The journal is like a computer program. It is a sequence of instructions that constructs a result. As such, it would be fruitful to consider journal compression as a variation of peephole optimization. wikipedia
At a minimum a modified journal should construct the same story. A journal that fails this test would be defective. Sadly, there are pages in the federation with defective journals. A common culprit is careless construction of page json by import libraries including some I have written. Bugs in the early codebase and some rare failure cases that persist today are also at fault.
We rely on the journal to construct important points in the past history of a story. Any adjustment of the journal is tampering with this history but we can probably agree that tampering with unimportant history could be useful. One that use to show up a lot was adding a blank paragraph and then immediately deleting it. No historian will miss this. This, by the way, was a quirk of the text editor that has since been removed.
We commonly see strings of edits to one paragraph. A peephole rule might say that these can be compressed with no important loss of history. We might agree to only apply this rule when the edits are contiguous and within a short period of time, perhaps same day. Edits to a caption of an image is a variation of this string of edits where there is much to be gained by collapsing them making it appear as if the image were added with the caption in place.
Aside: Images and captions present numerous inefficiencies and compromises which will require more than journal compression before they meet all expectations.
An important principle for all optimizations might be that they not cross possession boundaries. When a page has changed hands we should accurately represent the story at the point of exchange. And we should preserve the fork actions that mark these transitions unless they are truly redundant.
I'm interested in how we might arrive at a set of useful and justified peephole optimizations that we might build into the wiki core javascript.
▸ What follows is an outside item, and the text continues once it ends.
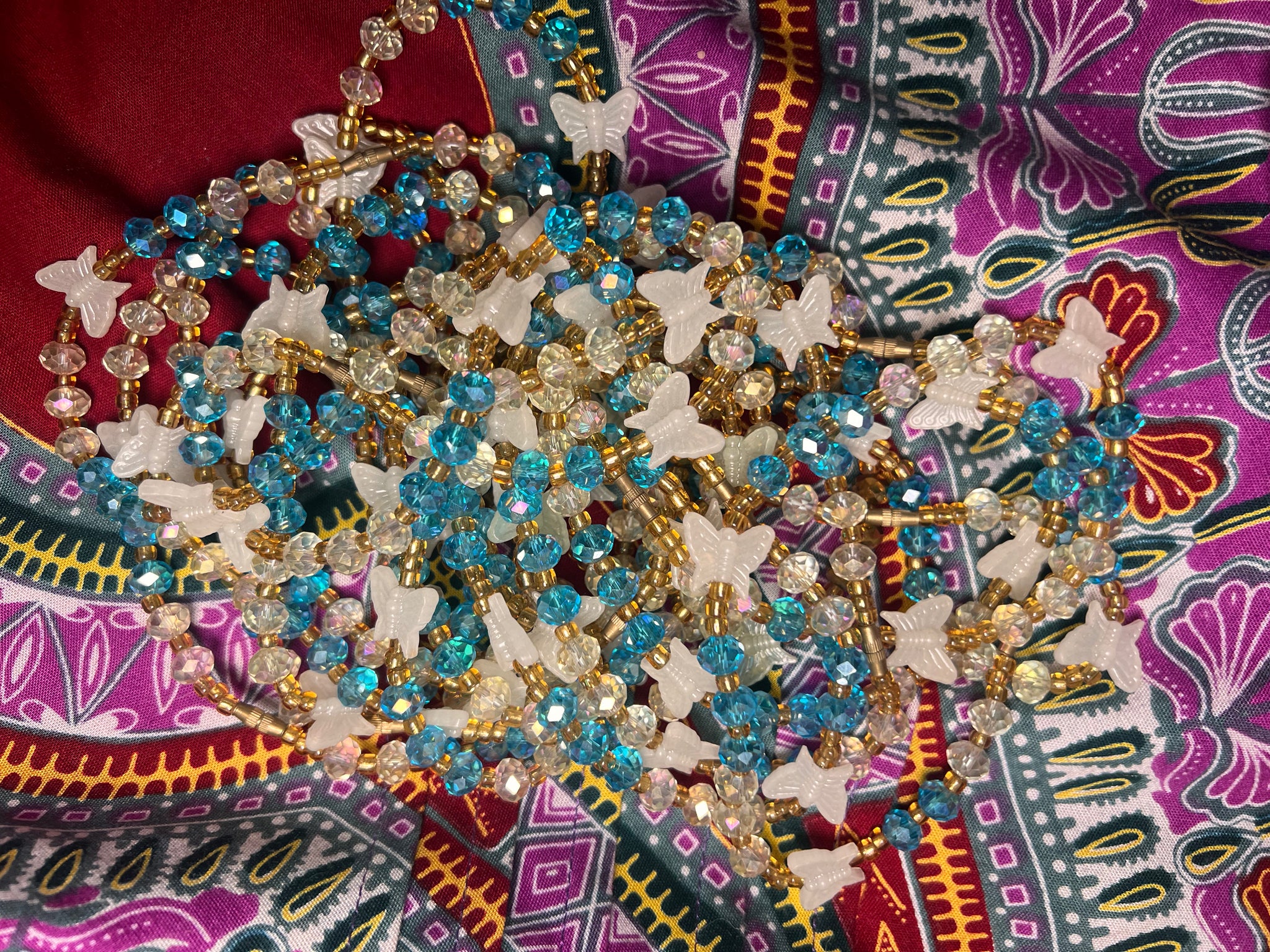 Materials: African beads, clasps, boho beads, beads, strong string, glass beads, clasp

Maybe these only run when a journal grows too large to save without them. Or maybe the most agreeable optimizations are applied on fork with belief that the gory details of authoring will be available at the source.
I'm also interested in how defective journals might be repaired. The simplest fix would be to discard the existing journal and replace it with one create action that includes the complete story. The required attributions could be tacked onto this so as to meet the cc requirement even if it does not tell an accurate history which has been mostly lost in this case anyway.
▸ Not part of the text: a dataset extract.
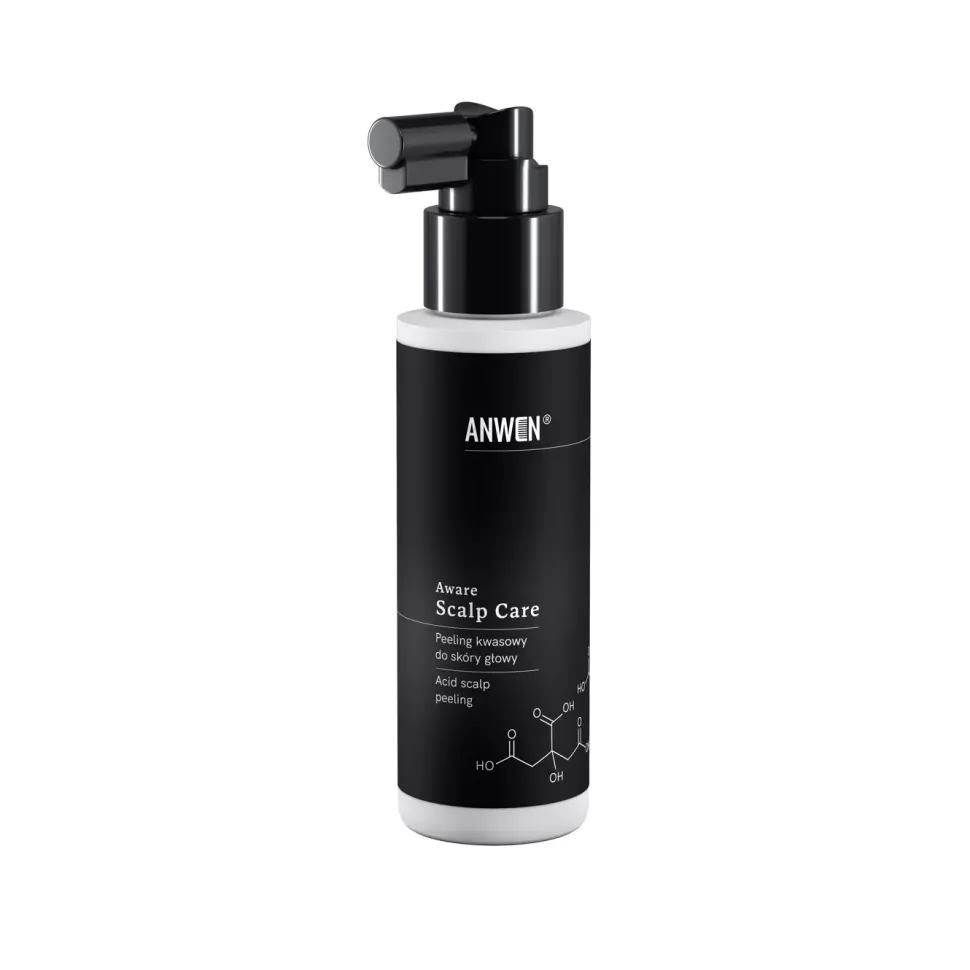 Wielozadaniowy peeling do skóry głowy marki Anwen zawiera mieszaninę kwasów AHA: glikolowego, mlekowego, cytrynowego i winowego w stężeniach, które zapewniają skuteczne złuszczenie martwego naskórka, oczyszczenie, normalizację pracy gruczołów łojowych oraz stymulację procesów regeneracyjnych skóry.

The federation is filled with test cases. A sweet little node application could spider the federation assessing the health and fitness of the journals it finds. This could be a testbed for assessing peephole optimizations though any result would depend on agreement as to what is important to preserve.
This thread first appeared in the matrix. riot
# Counterpoint
David Bovill reminds us that what the journal stores and how it is presented are two different things. The direction of conversation shifts.
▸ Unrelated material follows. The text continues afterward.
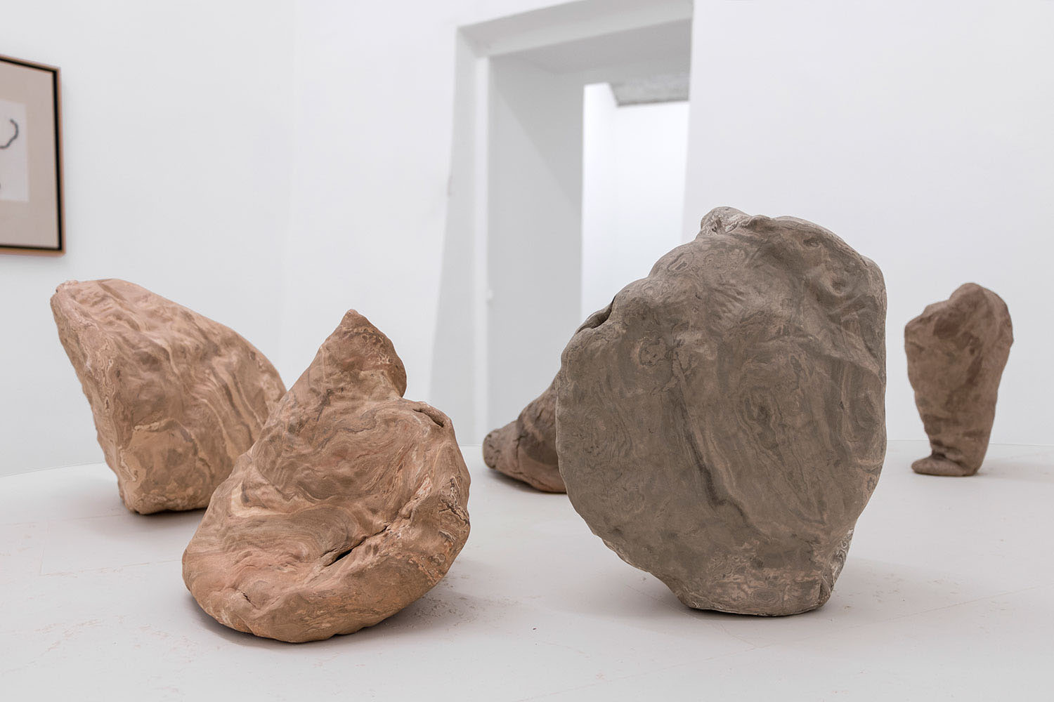 À perte de vue présente les œuvres réalisées par Cécile Beau, Nelly Monnier, Thomas Tronel-Gauthier durant leur résidence de recherche, à l'automne 2020 au Château de l'Arthaudière – site patrimonial dominant la vallée de l'Isère, face au massif majestueux du Vercors. Ce projet est porté par la création à même le paysage. Les œuvres de l'exposition montrent le rapport des artistes à celui-ci, alors même qu'ils sont en train de le définir. (...) Thomas Tronel-Gauthier développe un travail de sculpture à partir d'empreintes de paysages. La technique du moulage lui permet de créer des œuvres de manière presque archéologique, c'est-à-dire de passer de l'étape du prélèvement sur un site (ou objet) spécifique à une version manufacturée qui sera montrée. Giulia Turati - Directrice du centre d'art et co-commissaire de l'exposition (1) Durant son plus jeune âge géologique, la région était en effet une mer. _____________________________________________________________________ Des plus hautes crêtes aux souterrains À perte de vue, le paysage nous entoure et nous sommes immergés. À perte de vue, le paysage est lointain, à l'horizon il promet. À perte de vue, c'est d'abord le paysage comme représentation, le monde qui, parce que figuré, parce que désigné comme tel, devient paysage. Celui-ci concerne avant tout le regard de celui qui l'observe, la position qu'il adopte et le cadrage qu'il lui impose. Mais observer, ce n'est pas pratiquer un espace. On demeure en surface, en surface de ses plateaux, de ses reliefs, de sa végétation, même au fond de ses cavités, on est à sa surface. Car le paysage est vivant, il est relationnel ; un entrelacement d'habitats, d'êtres qui en font l'expérience quotidienne en pratiquant son espace organisé. Visage concret de la géographie, mais aussi des écosystèmes qui le construisent, il n'est pas que nature : « Le paysage, c'est la nature prise dans les filets de l'histoire humaine, dans les chronologies, les échelles, les rythmes, les découpages et les dispersions de l'histoire humaine. »(3) Il faut donc une immersion longue pour réellement en pratiquer son espace, peut-être même faut-il le parcourir, le vivre et en faire son environnement toute une vie durant pour véritablement y prendre part et le comprendre. Toutefois, en adoptant une posture extérieure, en s'affirmant comme observateur au regard vierge, en se pensant en pays étranger, on peut le scruter dans toute sa surface et se laisser surprendre. Lui permettre d'apparaître. Y voir ce que ceux qui le pratiquent ne voient plus. C'est ce regard qui le fait matière. Et pour en faire matière, on peut d'abord le contempler, se laisser porter par toutes ses immensités. On ne domine pas le paysage, on ne peut que s'incliner devant lui. Pourtant, il est possible de s'en approcher, de le toucher d'un peu plus près. C'est ainsi que l'on peut comme Cécile Beau en collecter des morceaux, comme Thomas Tronel-Gauthier en reproduire les textures ou encore, comme Nelly Monnier en extraire l'expérience de ses habitants, de ceux qui le font devenir lieu. Comme un marcheur qui le parcourt, ils se sont arrêtés à des points de vue. Ils ont sélectionné ce qui a capté leur regard, ce qui pourra témoigner de leur passage, malgré tout ils ont tenté d'entrer en dialogue paysagé. Le paysage est dense : composé de tous ces écosystèmes, il s'offre aussi au temps. Les jours s'écoulent certes, les mois, les années se succèdent et s'y empilent. Plusieurs échelles se côtoient ; les durées deviennent éventuellement des périodes. Mais lorsqu'on se trouve à même le paysage tout cela se confond au présent, le défilement des événements ne peut plus être linéaire. Accumulation de mémoires, circularité des saisons, cohabitation des récits, effacement, lenteur, traces ténues et présences. Les temps particuliers du paysage. Une certaine pérennité. « Le paysage participe de l'éternité de la nature, un toujours déjà là, avant l'homme, et sans doute après lui. En un mot, le paysage est une substance. »(4) Ici, le paysage est massif, il est montagne, il est crêtes. Il est vertical en hauteur et en souterrain. Dans son horizontalité, il est plaines et plateaux. Il est à perte de vue. Catherine Barnabé - co-commissaire de l'exposition (3) Jean-Marc Besse, La nécessité du paysage, Marseille, Éditions Parenthèse, 2018, p.15. _____________________________________________________________________ Interview radiophonique réalisée le 11 juin 2021 pour l'émission "A portée de voix" sur Radio Royans : (à partir de 12'30)

The journal serves the reader who is confronted with divergent copies of an important work. Here interpreting the "population" is more important than the precise history of any individual. We also have the potential to construct "chimeric" pages by merging divergent journals.
There is code in the core, now three years old, that will handle dragging one journal on top of another. github
The merge logic was not robust enough to handle every journal it encountered. Further, the merged journals had properties unexpected of journals constructed sequentially.
We could consider the journal more like a genome than a program. We could say that whatever pleases the author of a mashup is correct. If we more completely model the competition of thoughts in the creative mind, we might be doing more service for the future than just keeping accurate records.
# Merge
Here is an example of a confusing journal from a recent merge: Social Library
- A few weeks ago I had forked this page and made a few additions. - Today I see that there is a newer version, a paragraph had been added. - I drag the journal with the new item to the left and drop it on my page's journal. They merge. - The new paragraph is added and the journal shows it. - I see this first as a ghost page, a fabrication that doesn't exist anywhere. - I like it so I fork it saving the mashup as my own.
There are problems.
The journal doesn't show any contributions as being my own. The journal shows two forks, both from the remote, but no fork showing my own site since the remote author did not fork my first improvements.
The two pages share the same last edit so they show as 'same' in twins and recent changes. This makes more sense than saying one is newer than the other but same implies more similarity than exists.